Figure 6 shows the acceleration and the jerk of the proposed method under the UDDS driving cycle. It can be seen from Figure 6 that the peak acceleration of the proposed method is maintained within 2 m/s2, and the peak rate of acceleration change is less than 1.5 m/s3. Severe acceleration fluctuations are avoided by this control input, which ensures that the vehicle’s longitudinal dynamic parameters are maintained within a reasonable threshold range for driving safety and comfort.
(2) HWFET
Similarly, the performance of the proposed method is evaluated in the HWFET driving cycle. Figure 7 shows the simulation results of different methods under the HWFET driving cycle.
It can be seen from Figure 7a–d that, compared with the IDM, the velocity of the proposed method under the HWFET driving cycle is closer to the velocity trajectory of the target vehicle, and the change in the space headway between vehicles is smoother.
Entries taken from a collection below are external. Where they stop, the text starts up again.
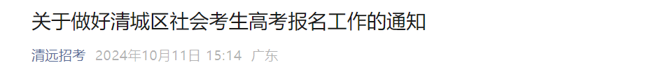根据广东省招生委员会《关于做好广东省2025年普通高校招生统一考试报名工作的通知》(粤招〔2024〕6号)要求,现将2025年我县户籍社会考生普通高考报名有关事项公告如下: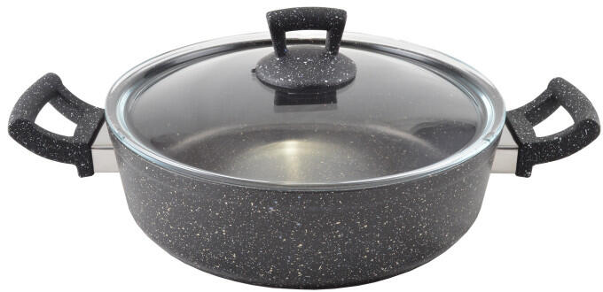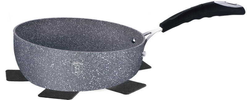 Gyártó: Berlinger Haus Modell: Stone Touch 26 cm (BH/1401) Leírás: A Stone Touch Line Flip serpenyő (26 cm) egy elegáns és praktikus választás a modern konyhák számára. Az alumíniumból készült serpenyő a Stone Touch termékcsalád részeként tartós és egyenletes hőeloszlást biztosít. A serpenyő fogantyúja rozsdamentes acél hőálló szilikonnal van bevonva, amely ergonomi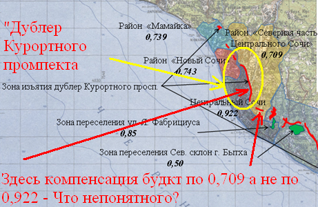 Поясняю еще раз что меня смущает. Дублер курортного проспекта (красная линия) проходит ровно по границе двух ценовых зон с коэффициентом 0,709 и 0,922, при этом полоса отчуждения вся попала на зону коэффициента 0,709. То есть жители Сочи получат значительно меньшую компенсацию чем в случае если бы она считалась по коэффициенту 0,922. Я считаю я считаю что зонирование проведено таким образом Олимпийским департаментом намеренно что бы уменьшить компенсационные выплаты жителям Сочи. Я просто хотел бы от Вас получить ответ для чего это было сделано? Понятно? Вы в состоянии ответить на конкретно заданный вопрос?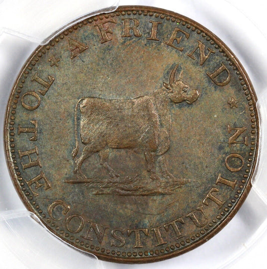 1838 HT-24 Agriculture & Commerce Hard Times Token PCGS AU 55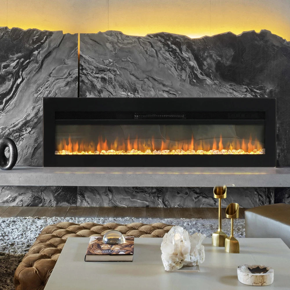 Transform your living space into a sanctuary of warmth and style with our stunning 70-Inch Black LED Electric Wall Fireplace. This elegant fireplace not only provides a cozy ambiance but also offers adjustable heating settings ranging from 60 ℉ to 82 ℉, all easily controlled with the included remote. Crafted with solid construction, this fireplace promises years of reliable service, making it the perfect addition to your home for many winters to come.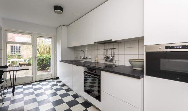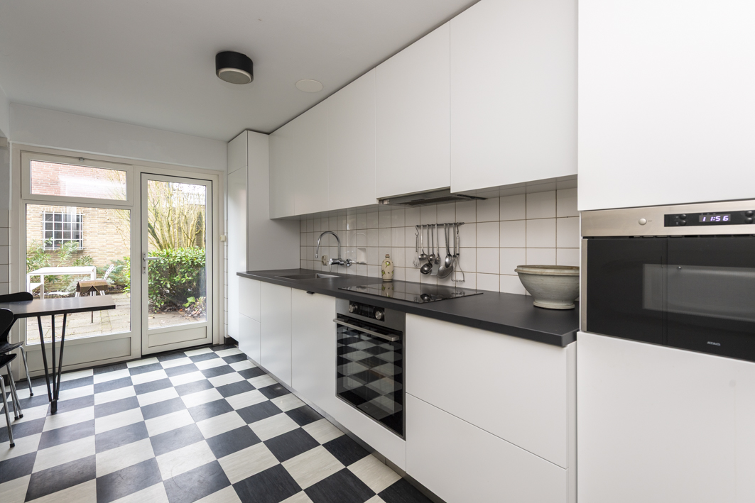 Aan de achterzijde van de woning bevindt zich de gemoderniseerde woonkeuken (2020), een fijne plek om samen te koken en te eten. De woonkeuken is uitgerust met witte onder- en bovenkasten, een vaste eettafel, ATAG-inbouwapparatuur (inductiekookplaat, afzuigkap, oven en magnetron), een AEG was-droogcombinatie en een AEG-koelkast met groentelades en vriesvak. De LED-verlichting onder de bovenkasten en het donkergrijze composiet aanrechtblad maken het strakke keukenblok compleet. Vanuit de woonkeuken heeft u direct toegang tot de charmante tuin met borders.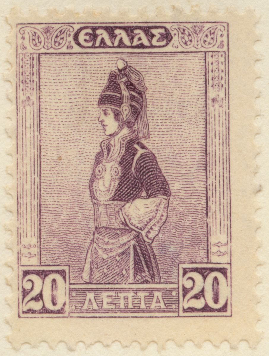 Frimärke från Grekland, 1927. Motiv av Mecedonisk dräkt.

Figure 7e–h show the longitudinal velocity error curves of each vehicle and the error curves of the distance between vehicles under the HWFET driving cycle. The results show that in the stable speed stage, the velocity error of the proposed method is less than 1 m/s, and the headway error is all less than 2 m. Therefore, the established method is demonstrated to achieve superior velocity tracking accuracy and enhanced platoon stability compared to the IDM model, with this advantage consistently observed across both urban road and highway driving conditions. Therefore, it can be further verified that, compared with the IDM, the proposed method has higher speed tracking accuracy and car-following stability in both urban road and highway driving cycles.
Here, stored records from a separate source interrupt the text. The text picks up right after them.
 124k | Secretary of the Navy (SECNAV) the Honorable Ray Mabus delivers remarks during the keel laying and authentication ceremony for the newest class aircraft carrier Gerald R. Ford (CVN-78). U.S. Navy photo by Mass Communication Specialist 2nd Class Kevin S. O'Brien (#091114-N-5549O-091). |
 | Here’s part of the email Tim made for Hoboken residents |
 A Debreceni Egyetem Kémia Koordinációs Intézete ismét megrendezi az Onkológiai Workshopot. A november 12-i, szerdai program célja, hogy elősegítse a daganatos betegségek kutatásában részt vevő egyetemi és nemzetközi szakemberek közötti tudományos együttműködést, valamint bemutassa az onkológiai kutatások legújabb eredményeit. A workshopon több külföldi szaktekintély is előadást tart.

3.3.2. Analysis of Energy Management Performance

In this section, the energy-saving performance of the proposed eco-driving strategy is evaluated under UDDS and HWFET driving cycles. The benchmark strategy consists of the IDM and the rule-based energy management strategy. To comprehensively analyze the energy consumption performance of PHEVs, two evaluation metrics are adopted in this study, i.e., the equivalent consumption of fuel and electricity combined and the fuel consumption. In addition, the SoC of the battery is also the most important evaluation metric for PHEVs. Therefore, the fuel consumption, equivalent energy consumption, and SoC are taken as evaluation metrics. The usage of the engine and motor of the PHEV under the control of the proposed method in the UDDS and HWFET driving cycles is shown in Figure 8.
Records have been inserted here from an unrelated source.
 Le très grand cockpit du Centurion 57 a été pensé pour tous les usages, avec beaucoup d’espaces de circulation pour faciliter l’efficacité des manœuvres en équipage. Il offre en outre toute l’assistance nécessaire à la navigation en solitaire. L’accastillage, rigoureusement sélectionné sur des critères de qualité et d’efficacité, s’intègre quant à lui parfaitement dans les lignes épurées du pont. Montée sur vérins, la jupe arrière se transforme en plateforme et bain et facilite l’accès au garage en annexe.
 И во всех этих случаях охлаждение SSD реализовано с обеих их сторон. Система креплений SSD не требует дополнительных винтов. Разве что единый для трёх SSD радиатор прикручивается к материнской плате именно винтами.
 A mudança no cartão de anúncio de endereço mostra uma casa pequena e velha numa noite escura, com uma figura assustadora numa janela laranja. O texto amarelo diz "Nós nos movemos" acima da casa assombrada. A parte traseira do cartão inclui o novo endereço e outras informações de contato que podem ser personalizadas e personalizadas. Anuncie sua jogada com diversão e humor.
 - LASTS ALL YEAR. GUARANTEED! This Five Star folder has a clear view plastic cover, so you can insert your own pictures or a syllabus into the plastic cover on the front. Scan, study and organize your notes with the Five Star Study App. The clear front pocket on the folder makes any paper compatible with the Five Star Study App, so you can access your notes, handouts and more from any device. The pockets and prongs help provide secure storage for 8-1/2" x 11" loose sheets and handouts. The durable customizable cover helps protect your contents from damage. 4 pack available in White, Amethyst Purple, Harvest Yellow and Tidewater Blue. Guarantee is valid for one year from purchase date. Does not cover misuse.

The results show that under the UDDS driving cycle, the proposed method preferentially calls the motor for low-speed drive, makes full use of the high torque response characteristics of the motor to meet the frequent acceleration and deceleration requirements, and avoids the ICE running in the inefficient interval. Under the HWFET driving cycle, the proposed method automatically switches to the ICE-based power distribution mode and realizes the energy consumption optimization during high-speed cruise by optimizing the engine operating point to the efficient working area. To evaluate the energy-saving performance of the proposed method, the change curves of fuel consumption, equivalent energy consumption, and SoC, and the distribution of engine efficiency under two driving cycles are analyzed. Figure 9a,b show the equivalent energy consumption, fuel consumption, and SoC change curves under the UDDS and HWFET driving cycles, respectively.
Algorithm 1 represents the IDM + rule-based strategy.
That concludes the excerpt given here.